▸ Material provided

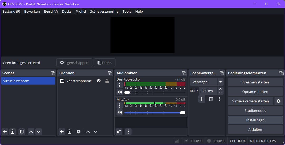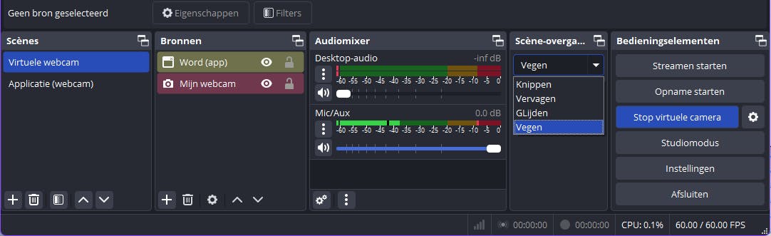 Onder het camerabeeld bij Scène-overgangen kun je bovendien een transitie-effect instellen dat bij een scène-wissel ook binnen je videoconferentie-app te zien zal zijn. Je kunt op elk moment op Stop virtuele camera drukken om de videostream vanuit OBS Studio te onderbreken.
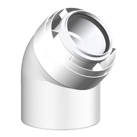Metalbestos Connext vinkelstykke i PPS/ALU med en diameter på 110/160 mm og en vinkel på 45°.
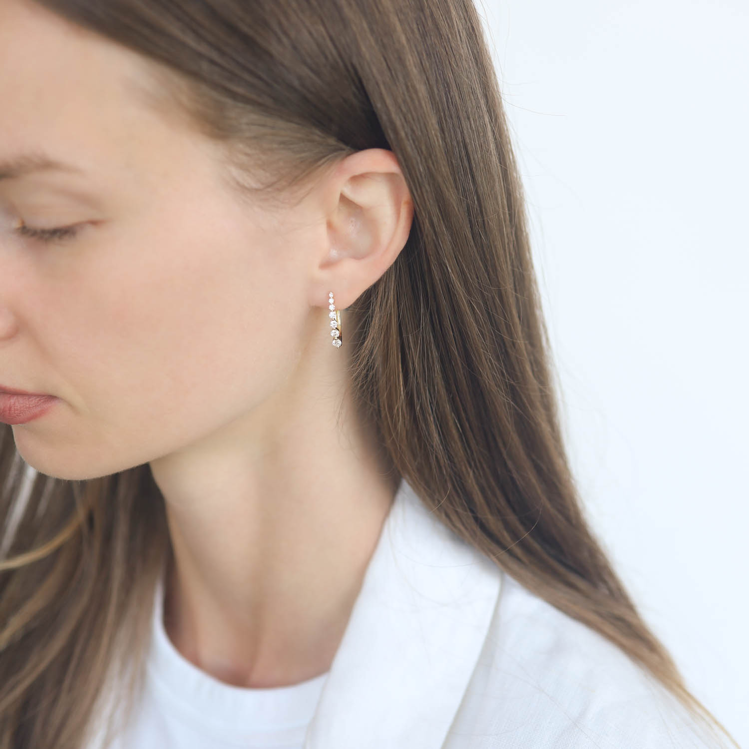 Graduated diamonds line this oval hoop. Perfectly dazzling on its own, or enhance your look by adding a charm.
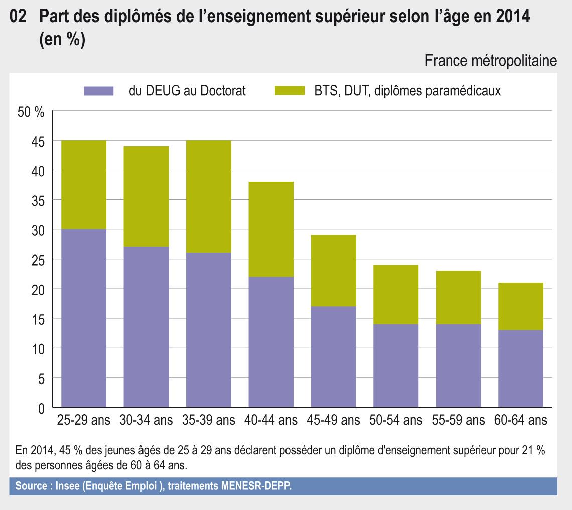 En 2014, 45 % des jeunes âgés de 25 à 29 ans déclarent posséder un diplôme d'enseignement supérieur pour 21 % des personnes âgées de 60 à 64 ans.
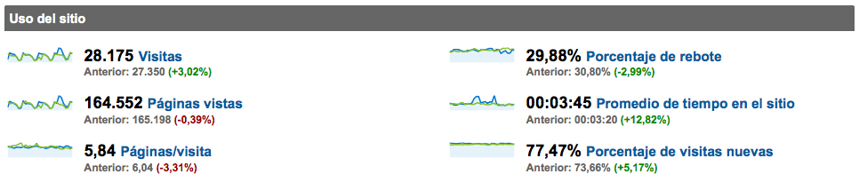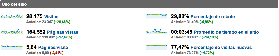 Importante: éstos números son los que representan el cambio real entre un mes y el otro, y son los que debemos considerar de cara al análisis de los resultados de las acciones de mejora de un site, sobre todo si son mejoras globales, como puede ser, por ejemplo, el rellenado correcto de los metas (es sorprendente la cantidad de sites cuyos metas son deficientes).
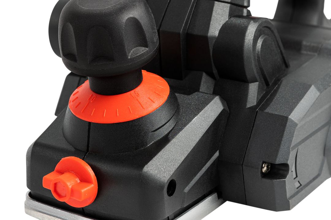 Рубанок оснащен высококачественной алюминиевой подошвой, что гарантирует долговечность и стабильность при работе. Регулировка глубины строгания и наличие V-образной канавки на подошве позволяют снимать фаски с отличной точностью, обеспечивая высококачественное завершение работы. Патрубок для подключения пылесоса или мешка для сбора стружки помогает поддерживать чистоту рабочего места.
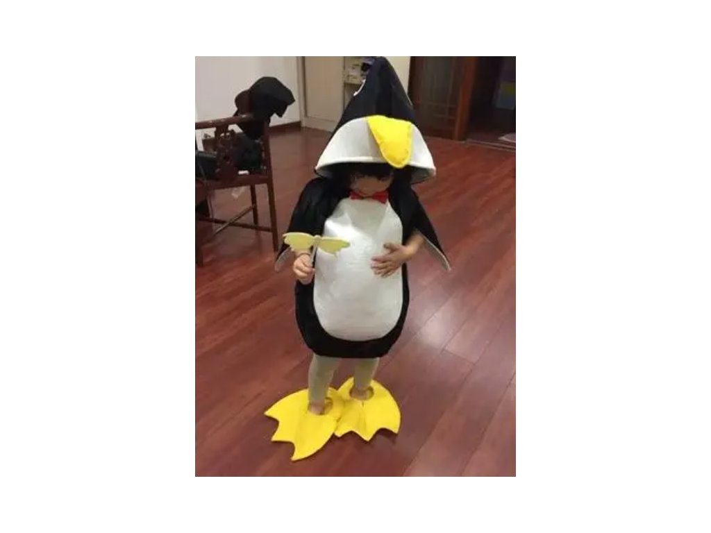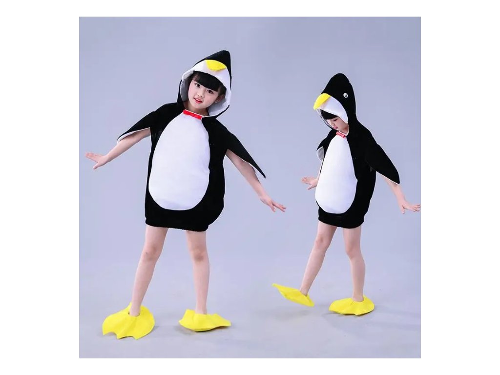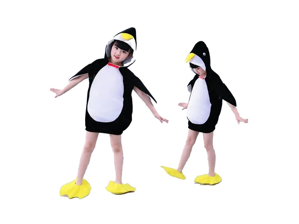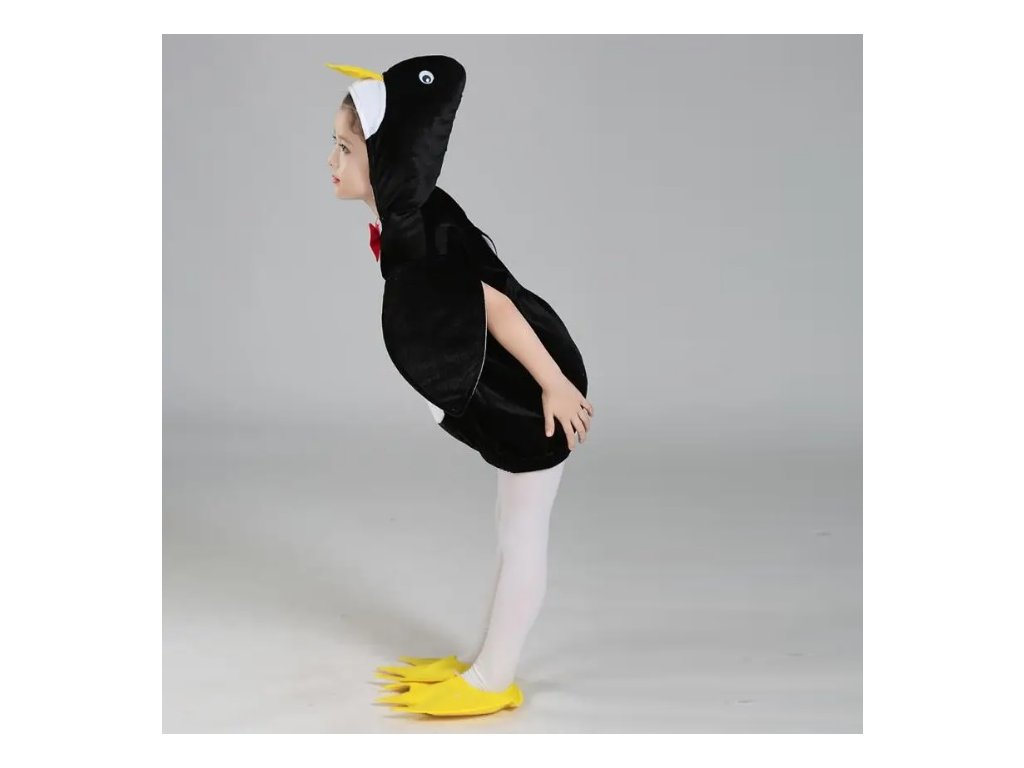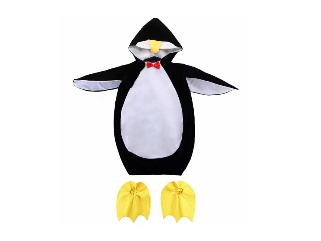 Balení obsahuje: tučňákovský oblek s kapucí se zobáčkem a očky, motýlek a žluté návleky na nohy

▸ Task goal
Would you retype all the lines shown above, exactly as written and without any picture?

▸ Output for this exercise
 Onder het camerabeeld bij Scène-overgangen kun je bovendien een transitie-effect instellen dat bij een scène-wissel ook binnen je videoconferentie-app te zien zal zijn. Je kunt op elk moment op Stop virtuele camera drukken om de videostream vanuit OBS Studio te onderbreken.
Metalbestos Connext vinkelstykke i PPS/ALU med en diameter på 110/160 mm og en vinkel på 45°.
 Graduated diamonds line this oval hoop. Perfectly dazzling on its own, or enhance your look by adding a charm.
 En 2014, 45 % des jeunes âgés de 25 à 29 ans déclarent posséder un diplôme d'enseignement supérieur pour 21 % des personnes âgées de 60 à 64 ans.
 Importante: éstos números son los que representan el cambio real entre un mes y el otro, y son los que debemos considerar de cara al análisis de los resultados de las acciones de mejora de un site, sobre todo si son mejoras globales, como puede ser, por ejemplo, el rellenado correcto de los metas (es sorprendente la cantidad de sites cuyos metas son deficientes).
 Рубанок оснащен высококачественной алюминиевой подошвой, что гарантирует долговечность и стабильность при работе. Регулировка глубины строгания и наличие V-образной канавки на подошве позволяют снимать фаски с отличной точностью, обеспечивая высококачественное завершение работы. Патрубок для подключения пылесоса или мешка для сбора стружки помогает поддерживать чистоту рабочего места.
 Balení obsahuje: tučňákovský oblek s kapucí se zobáčkem a očky, motýlek a žluté návleky na nohy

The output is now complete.